Figuring out what that diverse voice is that’s missing at the table – to unlock innovation, better outcomes, and to have conflict through collaboration – is where the magic happens.

What key strategies are you using to prepare for the future of work?

Culture and employee experience are increasingly becoming more ‘top of mind’ for every organisation.

Not that long ago, employee experience was seen as the front-end funnel of hiring – ‘How graciously can I court you and onboard you?’ Then it stopped.

I said, “If you actually map the employee experience, what is that?” It is three big things: one is culture, the employee value proposition that the organisation will deliver through behaviours, policies and practices; secondly, the systems and tools that allow employees to do great work to drive productivity; and thirdly, the environment in which they work.

By this, I mean both physical and digital environment; for example, video-conferencing is really valuable to read body language and to see that everybody is listening to you rather than putting you on mute while a team at work all have a conversation and you’re none the wiser.

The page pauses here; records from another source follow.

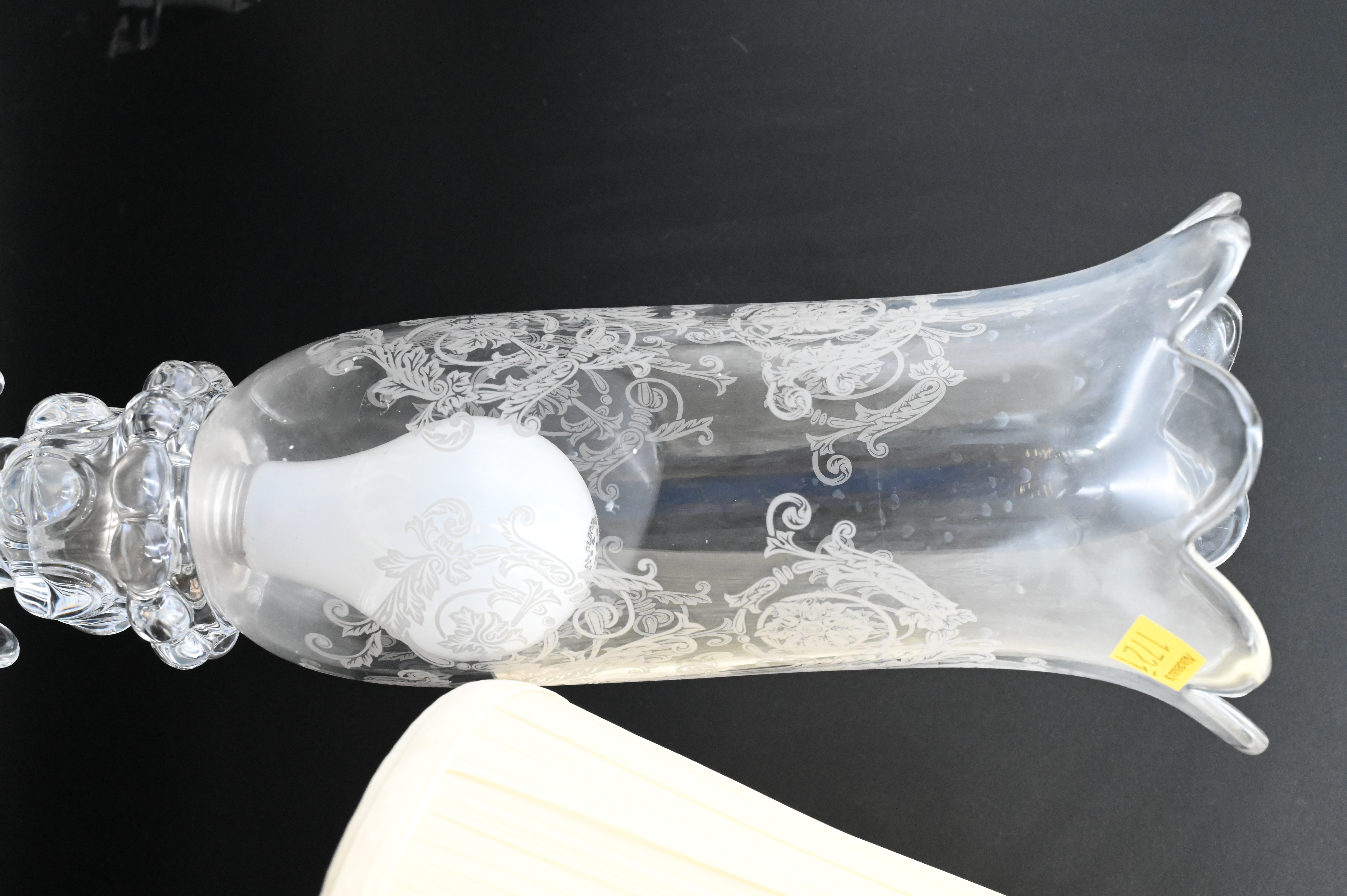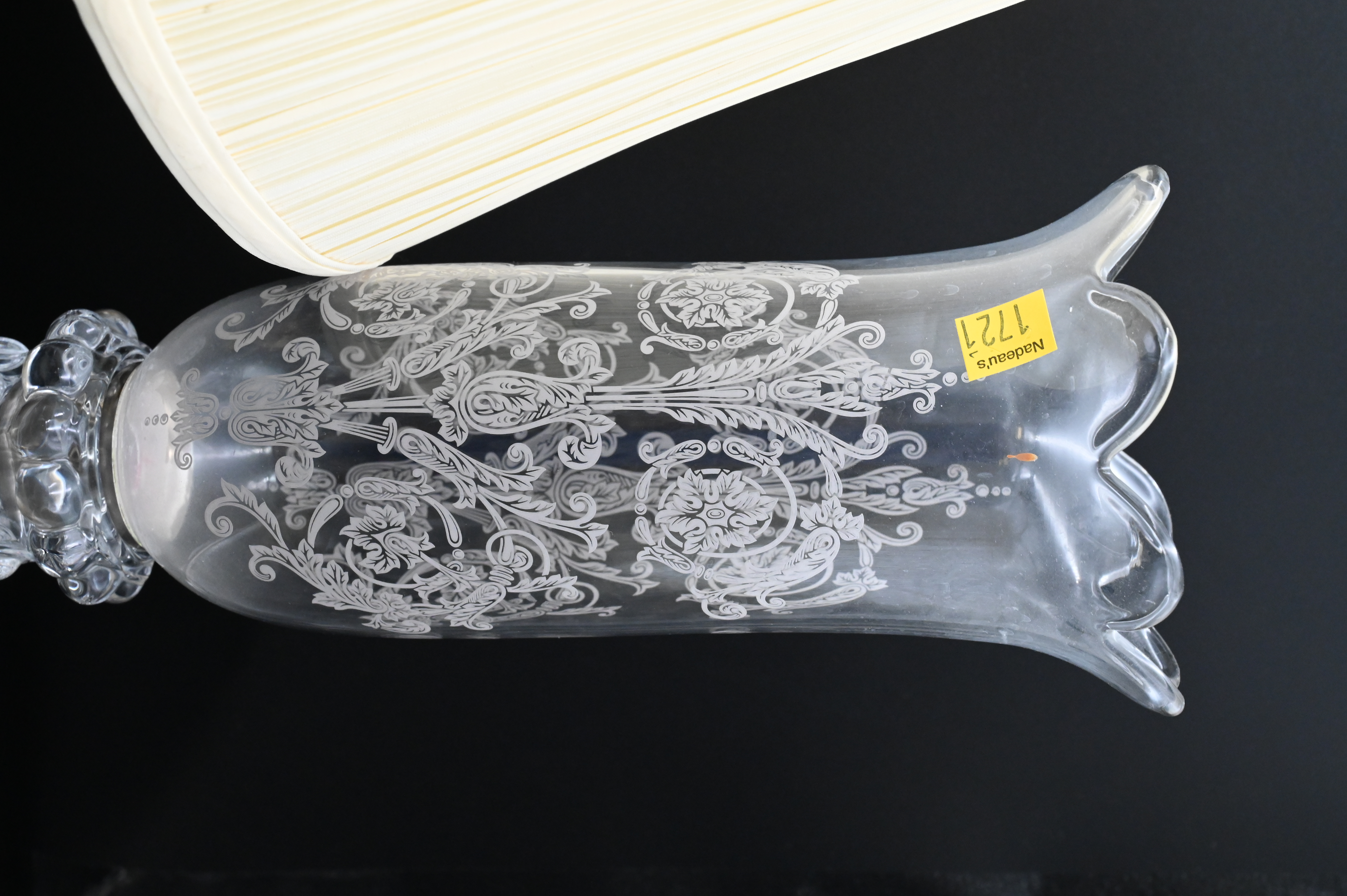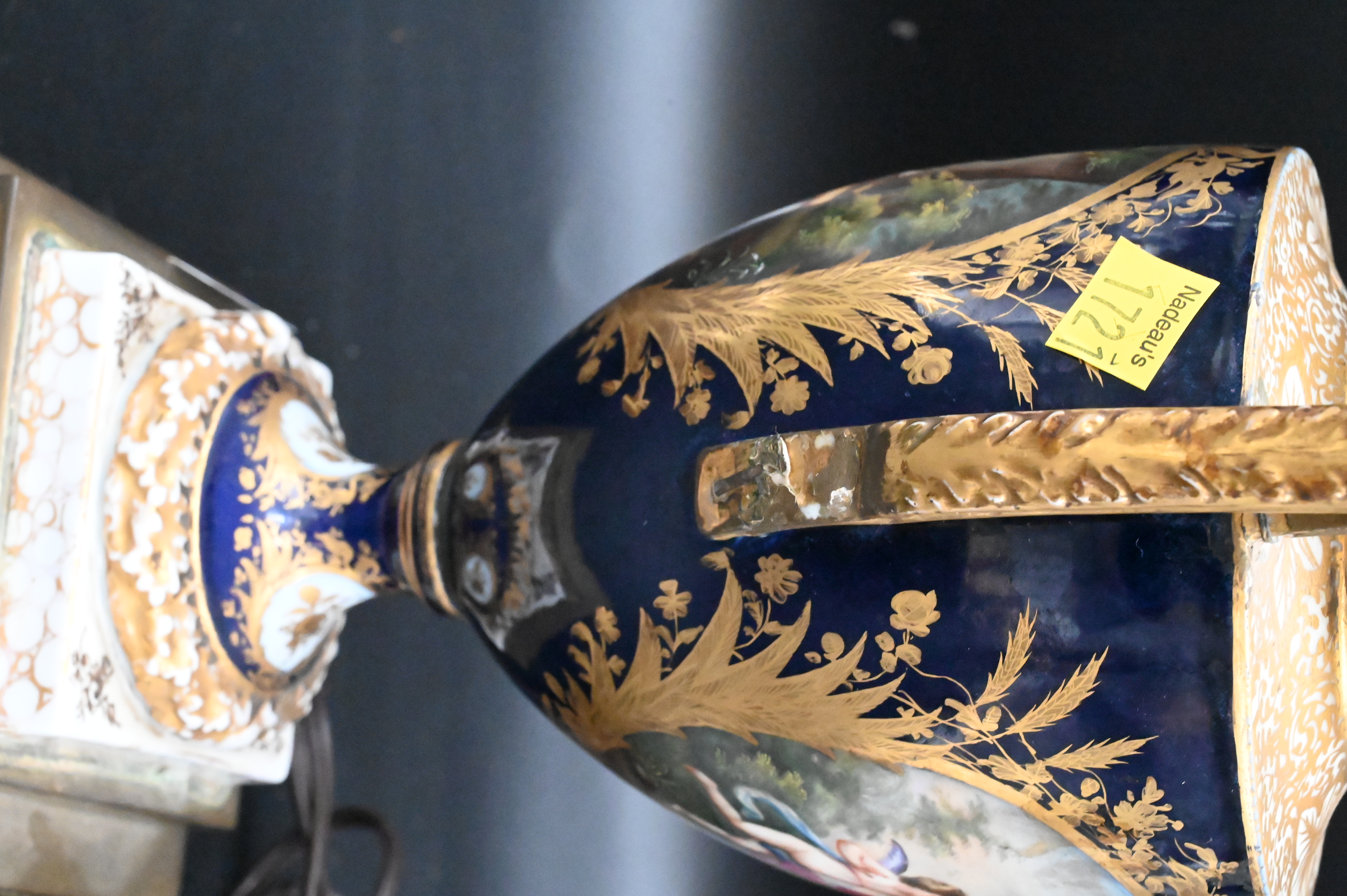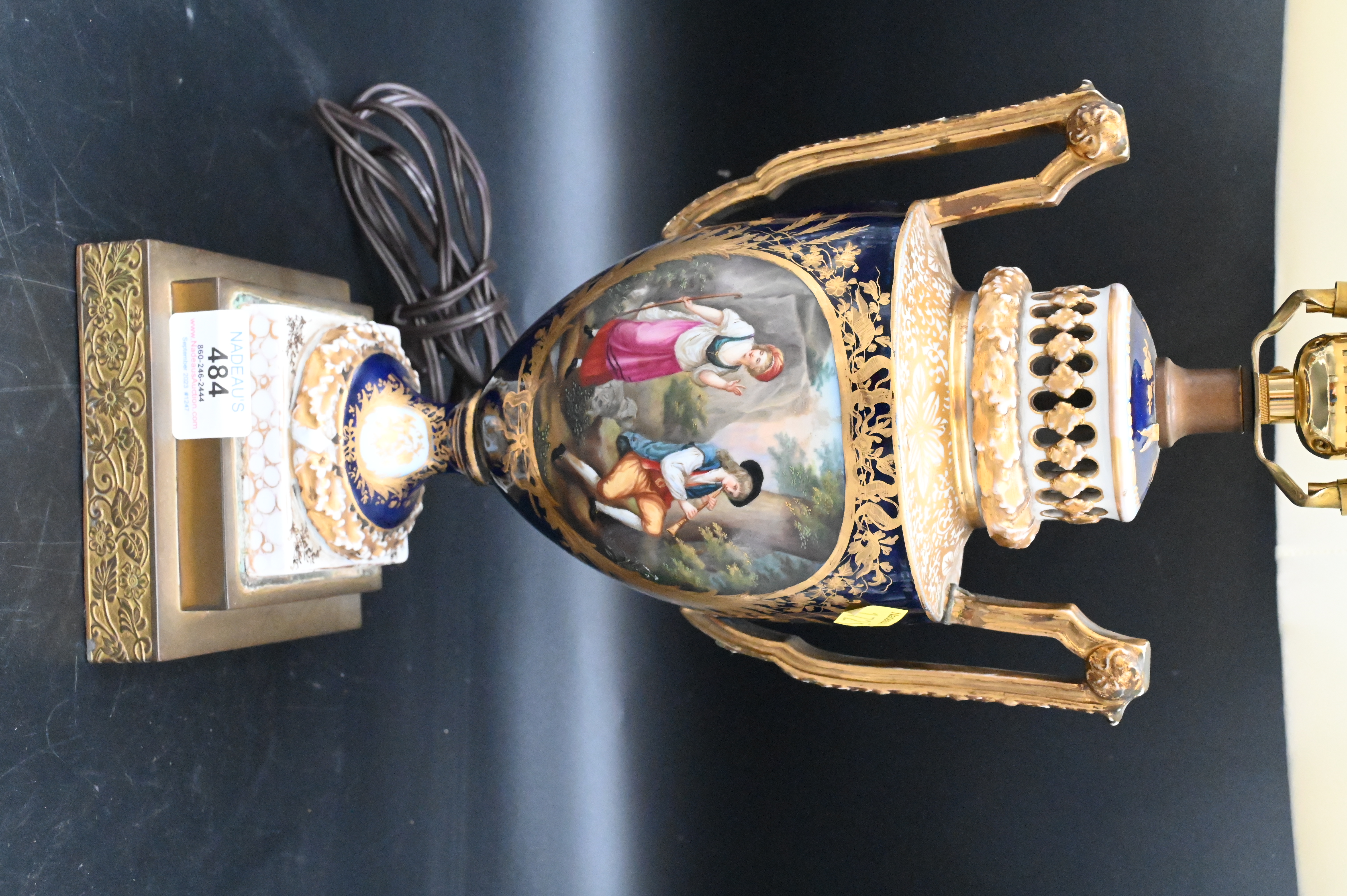 Three Table Lamps, to include a Sevres style porcelain double handled urn mounted as a lamp (as is), along with a pair of glass Baccarat style lusters, tallest height 21 1/2 inches.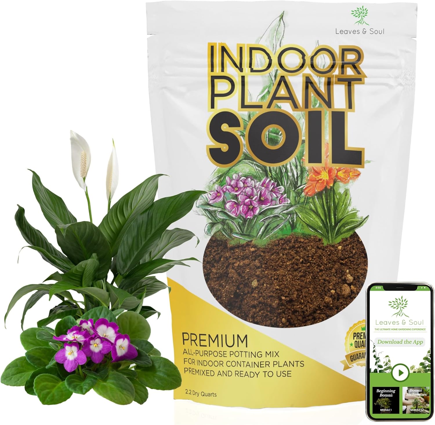 Indoor Plant Soil Premium All Purpose Blend | Large 2.2 Quarts | Ready to Use for Indoor Container and Houseplants | Peat, Coco Coir, Perlite, Dolomite | Made in USA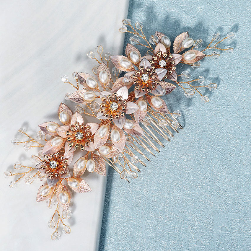 This hair headpiece is made of pearls, crystal beads and alloy wire.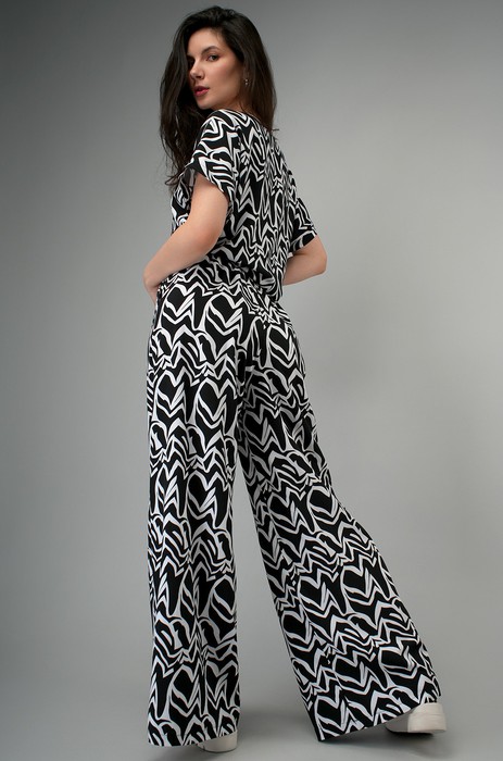 Женский костюм с брюками точно не оставит без внимания — черно-белый контрастный рисунок притягивает взгляды. Летний брючный костюм подарит комфорт.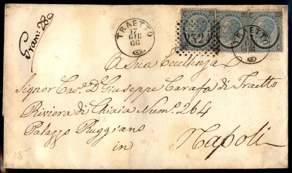 Traetto + 2324 a punti - tre 20 cent su 15 (25) su lettera per Napoli del 17.6.1866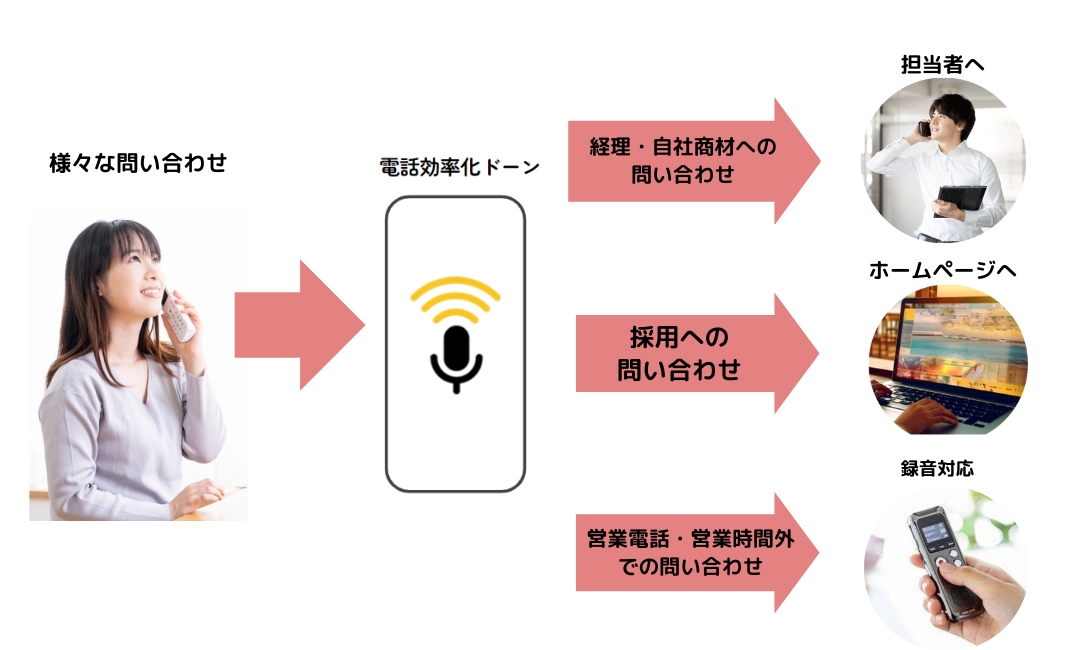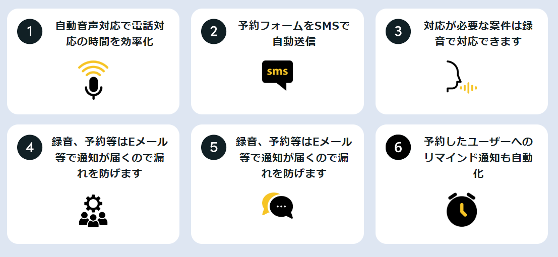 ユーザーから店舗にかかってきた電話を音声ガイダンスが対応するため、一時受付が不要となります。当日のご予約などは店舗へ直接お電話を繋げることも可能です。音声ガイダンスの設定を店舗で行うことができるため、設定によってユーザーのSMSへメッセージを飛ばすことや、ユーザーが留守番電話のように音声を録音することが可能です。ユーザーが音声録音後、録音された音声が文章となり、チャットワークやメールアドレス宛へメッセージとして送ることもできます。

What is the one thing you think HR teams should stop doing, or start doing differently?

Translate your language into the business’s language and echo back to clarify understanding. If you’re driving change and you feel there is tension or lack of understanding, just pause and listen more in an effort to seek to understand their side. I always tell my team, “Argue like you’re right and listen like you’re wrong.” Don’t get so wedded to your HR speak. Help to translate it into language they understand and the DNA of the business to make it part of their agenda.